Od dluzszego czasu szukalem jakiegos zastepcy dla valknut. Z roznych przycyzn zupelnie on mi nie pasowal (Nieprzyjemne GUI, wiele polaczen nie wykonuje, rozlacza sie), przynajmnije ja mialem problemy z jego uzywaniem. Od niedawna mozna uzywac wczesnych wersji DC++ pisanego specjalnie dla linuxa, ktorego przetestowalem i polecam wszystkich korzystajacym z DC. 

Ten post to takie info ze pokazal sie nowy prog i domyslam sie ze wiele osob ucieszy ta informacja.

link: http://linuxdcpp.berlios.de/articles.php?um=index

----------

## rzabcio

Faktycznie - ucieszylem się ogromnie!  :Very Happy: 

Jestem w sieci akademickiej i DC++ to glowny "protokol" dzielenia plików z transferem przeważnie 3-5 MiBów.
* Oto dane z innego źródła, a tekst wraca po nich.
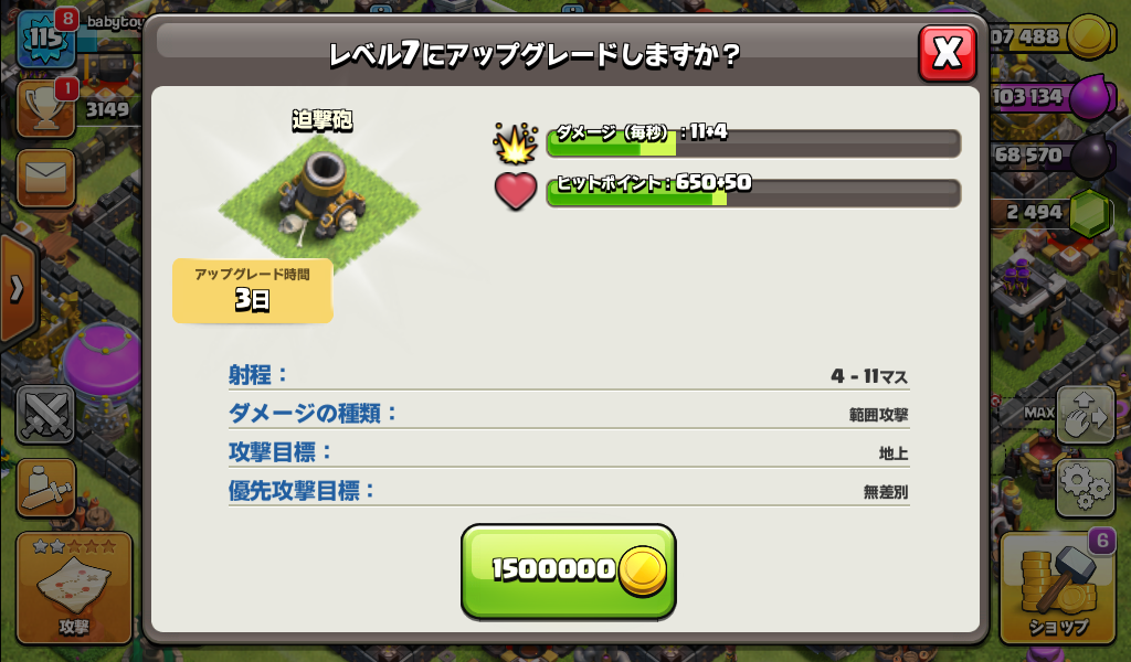 迫撃砲をレベル7にアップグレードしました。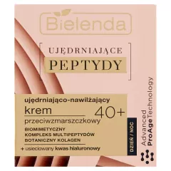 Dane produktowe Bielenda Ujędrniające Peptydy 40+ Ujędrniająco-nawilżający krem przeciwzmarszczkowy 50 ml Ujędrniająco-nawilżający krem przeciwzmarszczkowy na dzień i na noc dla cery dojrzałej, wrażliwej, z pierwszymi oznakami starzenia. Pełen ultraskutecznych, wielofunkcyjnych peptydów...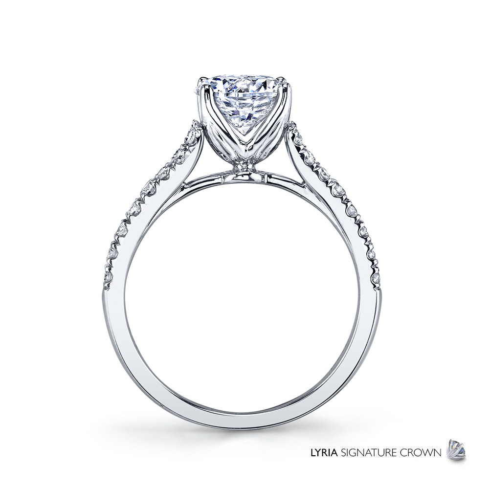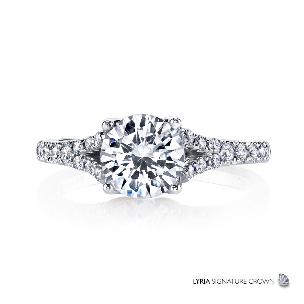 A split diamond shank leads to a brilliant round center set in the Lyria signature crown in this timeless classic. Available in Platinum, as well as 18K White, Yellow or Rose Gold.

A próby polączenia z dc z GUI w qt (dc_qt) jakoś spelzly na niczym... :/

Może ten programik uratuje moj dysk spod panowania Drugiego Systemu.  :Wink: 

----------

## sir KAT

A ja używam z powodzeniem dctc + dc_qt, dla mnie podstawową zaletą jest działanie w trybie demona tzn. mogę zapoczątkować ściąganie i wylogować się a ściąganie będzie trwało nadal. Dla mnie jest to ważne bo z mojego systemu korzysta kilku użytkowników.

----------

## pax82

 *sir KAT wrote:*   

> A ja używam z powodzeniem dctc + dc_qt, dla mnie podstawową zaletą jest działanie w trybie demona tzn. mogę zapoczątkować ściąganie i wylogować się a ściąganie będzie trwało nadal. Dla mnie jest to ważne bo z mojego systemu korzysta kilku użytkowników.

 

Hmm, to powiedz jeszcze czy nie masz problemow z laczeniem sie... Glownym powodem dlaczego klienty DC pod linuxa mi nie pasowaly to problemy z polaczeniem sie do wielu userow, nawet sciagniecia listy. Na linuxowym DC++ wszystko dziala dobrze. Jesli chodzi o program w deamonie to tez wolalbym cos takiego, mogbym zostawiac na serwerze sciagnie, dla mnie to rozwiazanie bardzo na reke, wiec wyprobuje dzis.

----------

## sir KAT

 *Quote:*   

> Hmm, to powiedz jeszcze czy nie masz problemow z laczeniem sie... Glownym powodem dlaczego klienty DC pod linuxa mi nie pasowaly to problemy z polaczeniem sie do wielu userow, nawet sciagniecia listy.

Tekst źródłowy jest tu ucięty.